The decision in United States v. Graham was decided 12-3 in the government's favor by a panel of Fourth Circuit judges. The question at hand is whether the government's use of "cell-site location information" (CLSI) obtained without a warrant was constitutional; in this case, the information was used to convict two defendants, Aaron Graham and Eric Jordan, in a series of armed robberies committed in 2011.
This isn't the first time the Fourth Circuit has heard this particular case. In August 2015 a three-judge panel of the court decided 2-1 that the use of cell-site information did infringe on Fourth Amendment rights, and that the government would need to get a warrant based on probable cause going forward. At that point, though, the majority said while the location collection was unconstitutional, the conviction was okay because the feds were acting on a "good faith" reading of the Stored Communications Act.
Nonetheless, the court's judges decided to rehear the case en-banc when it came the Fourth Amendment issue, and here we are with a new decision. Judge Diana Gribbon Motz, who was the lone dissenting vote on last year's three-judge panel, wrote the majority opinion. The gist of the decision is that the Fourth Amendment wasn't violated because the data had already been turned over to a third party: the cell service providers that Graham and Jordan paid for their phone plans. I'll let Judge Gribbon Motz explain:
Supreme Court precedent mandates this conclusion. For the Court has long held that an individual enjoys no Fourth Amendment protection “in information he voluntarily turns over to [a] third part[y].” Smith v. Maryland, 442 U.S. 735, 743-44 (1979). This rule — the third-party doctrine — applies even when “the information is revealed” to a third party, as it assertedly was here, “on the assumption that it will be used only for a limited purpose and the confidence placed in the third party will not be betrayed.”
For now where things go with U.S. v. Graham is very much up in the air. As The Wall Street Journal points out, this is one of several cases where a circuit court has sided with the government on third-party doctrine. Meghan Skelton, the lawyer representing Graham and Jordan, told the Journal that she plans to appeal to the Supreme Court. Reuters notes, rightly, that the Supreme Court decided not to hear a similar case last year, but the bubbling up of more cases may lead them to weigh in on the matter.

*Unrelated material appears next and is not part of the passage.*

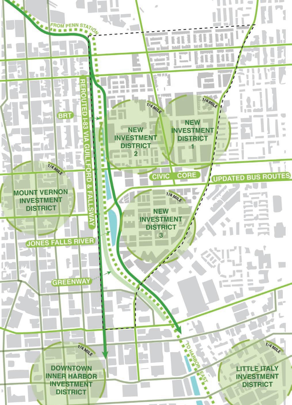 URBAN PARK & PAVILION 7. DAY-LIT JONES FALLS RIVERBED (URBAN STORMWATER FEATURE) NEW INVESTMENT DISTRICTS Improvements based on 1/4 mile walkshed EXISTING JUVENILE JUSTICE CENTER 1 1 1 2 2 2 1 4 4 6 5 4 4 4 4 1 1 4 1 1 1 4 7 HEALTHCARE FOR THE HOMELESS 1 1

But there's good reason to be concerned, because this decision feels a little bit like the judicial equivalent of going ¯\_(ツ)_/¯ when it comes to cell phone location data. After all, we are all carrying phones around all the time that are constantly tracking our locations, unless they're turned off or in airplane mode. This decision implies that the government could track all of our movements without needing a judge to sign off.
But Gribbon Motz sounds okay with this. Here's how she describes what the government did:
"[T]he Government did not surreptitiously view, listen to, record, or in any other way engage in direct surveillance of Defendants to obtain this information" she writes. "Rather, as the Sprint/Nextel custodian of the CSLI records testified at trial, CSLI is created and maintained in the normal course of Sprint/Nextel’s business."

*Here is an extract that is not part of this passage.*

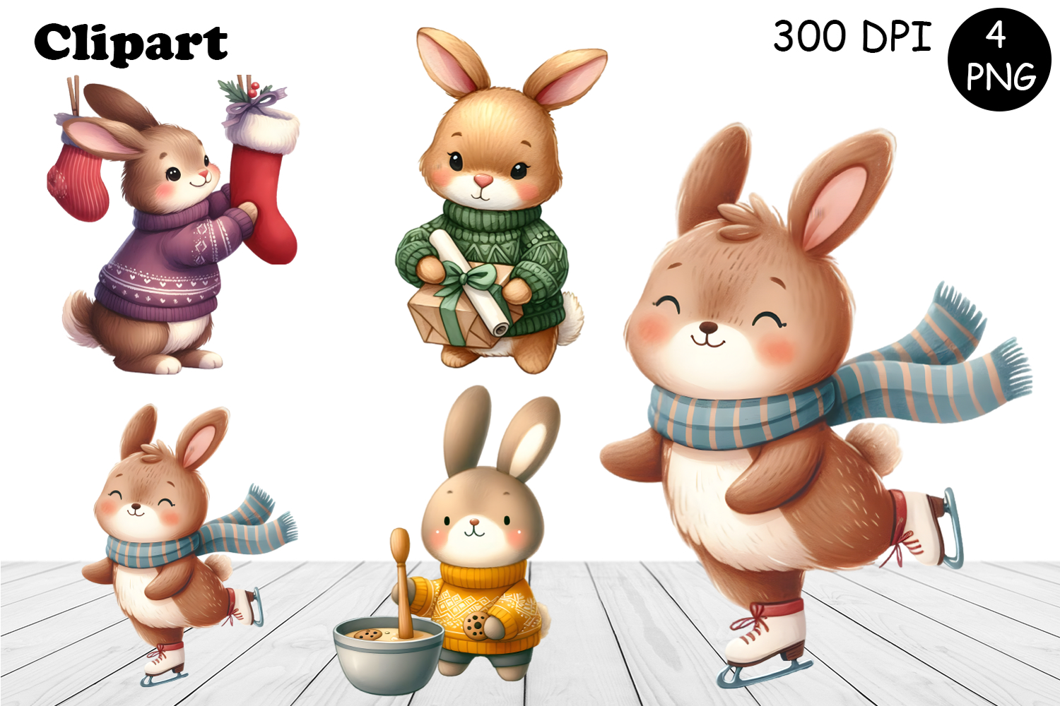 Christmas bunny animals winter Watercolor Clipart example image 1

If this sounds familiar, it's because it seems an awful lot like the argument that the NSA made around simply collecting metadata, and not the content of phone calls, made by millions of Americans. But, as former-NSA head Michael Hayden has said, "We kill people based on Metadata." And while we may not kill armed robbers based on it, we certainly put them in jail.
In all fairness to Gribbon Motz, she's not arguing that all this is right, but that it is legal when a company does the tracking and hands it over to the government.

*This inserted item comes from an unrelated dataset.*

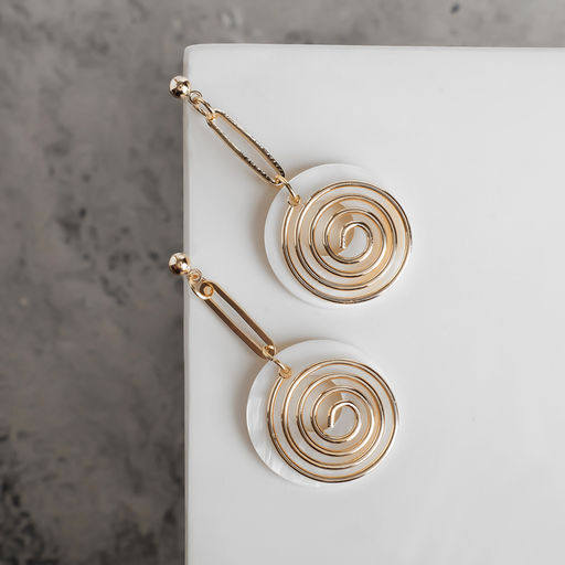 Серьги с перламутром "Сиа" спираль, цвет белый в золоте

Defendants contend that the government always invades an individual’s reasonable expectation of privacy when it employs technological devices to track an individual’s moves. Perhaps so. But that question is not before us. No government tracking is at issue here. Rather, the question before us is whether the government invades an individual’s reasonable expectation of privacy when it obtains, from a third party, the third party’s records, which permit the government to deduce location information.
But that is the entire problem! By externalizing responsibility for this sort of data collection, government agencies that are interested in surveilling citizens get to have their cake and eat it too. A vast amount of revealing data is collected (free of charge) by a private entity, and can be obtained without a warrant. It also puts a great deal of power into the hands of telecom giants like Verizon or AT&T, what sort of information they retain, and how they protect that information. Of course, these aren't companies known for their caution with user data.
The solution to this is nothing less than to rethink exactly what Gribbon Motz mentions, what Americans (and the rest of the world) believe a "reasonable expectation of privacy" is when it comes to technology. This is why privacy advocates tell people to download encrypted chat apps and turn off location tracking on their phones, but even that isn't enough; your phone has to reveal its location to surrounding cell towers to get service. As decisions like this show, a workable privacy-protecting solution won't come from the courts, and will probably take legislation. So, good luck!